##  Mobile App for Lottery Addiction

![Image](https://i.pinimg.com/originals/66/3e/e6/663ee6d5c6e6d81d8f8d6447380d91fa.png)

### Introduction

[Ludomania](https://en.wikipedia.org/wiki/Problem_gambling) or pathological gambling is a common disorder that is associated with both social and family costs.

A medical institute that aims to prevent and treat gambling addictions wants to build a dedicated mobile app to help lottery addicts better estimate their chances of winning. We're here to help them to create the logical core of the app and calculate probabilities.

We'll focus on the [6/49 lottery](https://en.wikipedia.org/wiki/Lotto_6/49) and help users to find:
* The probability of winning the big prize with a single ticket?
* The probability of winning the big prize if we play 40 different tickets (or any other number)?
* The probability of having at least five (or four, or three, or two) winning numbers on a single ticket?

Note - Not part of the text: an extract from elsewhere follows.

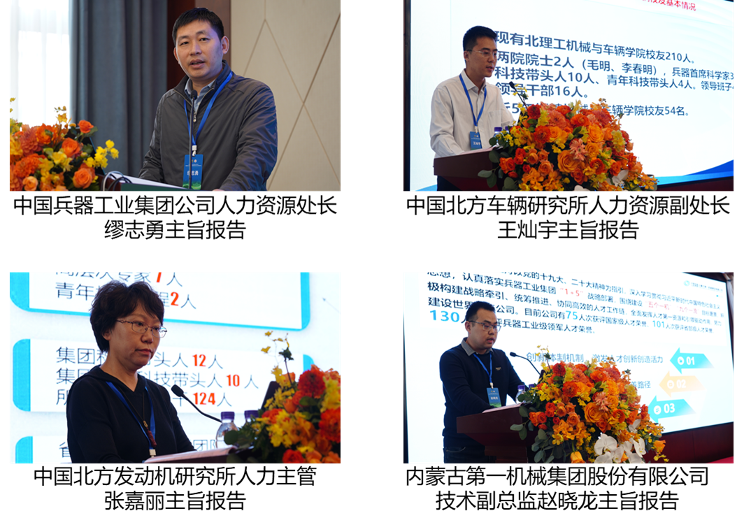 大会主旨报告环节由机械工程学科、装甲车辆工程本科专业学科专业责任教授刘辉教授主持。装甲车辆工程专业教授、北京高校青年教学名师魏巍教授作专业建设主旨报告,介绍了装甲车辆工程专业建设情况以及两个专业未来建设思路和发展方向;中国兵器工业集团公司人力资源处缪志勇处长作了关于兵器工业集团人才建设现状与需求的主旨报告,中国汽车工程学会人才工作委员会名誉主任委员张宁作了新能源汽车人才现状与需求分析的主旨报告,中国北方车辆研究所、中国北方发动机研究所、内蒙古第一机械集团股份有限公司等国内装甲车辆领域头部企业和研究所的人力资源代表,分别作行业主旨报告,分析了装甲车辆工程毕业生就业后人才成长路径和企业培养模式,提出了专业人才培养需求。

The institute also provides us with the historical [data](https://www.kaggle.com/datascienceai/lottery-dataset/version/1). There are 3,665 drawings from the national 6/49 lottery game in Canada, dating from 1982 to 2018.

### Finding the probabilities

First of all let's prepare two core functions: [**factorial**](https://en.wikipedia.org/wiki/Factorial) and [**combinations**](https://en.wikipedia.org/wiki/Combination).

In [1]:
def factorial(n):
    '''
    Calculate the factirial of n (n!)
    '''
    result = 1
    for i in range(n, 1, -1):
        result *= i
        
    return result

def combinations(n, k):
    '''
    Calculate the number of combinations when we're sampling
    without replacement and taking only k objects from a group
    of n objects
    '''
    denominator = factorial(k) * factorial(n - k)
    return factorial(n) / denominator

Now we can move on.

#### One ticket

We'll start with simpe function of our app - calculation the probability of winning the big prize with a single ticket.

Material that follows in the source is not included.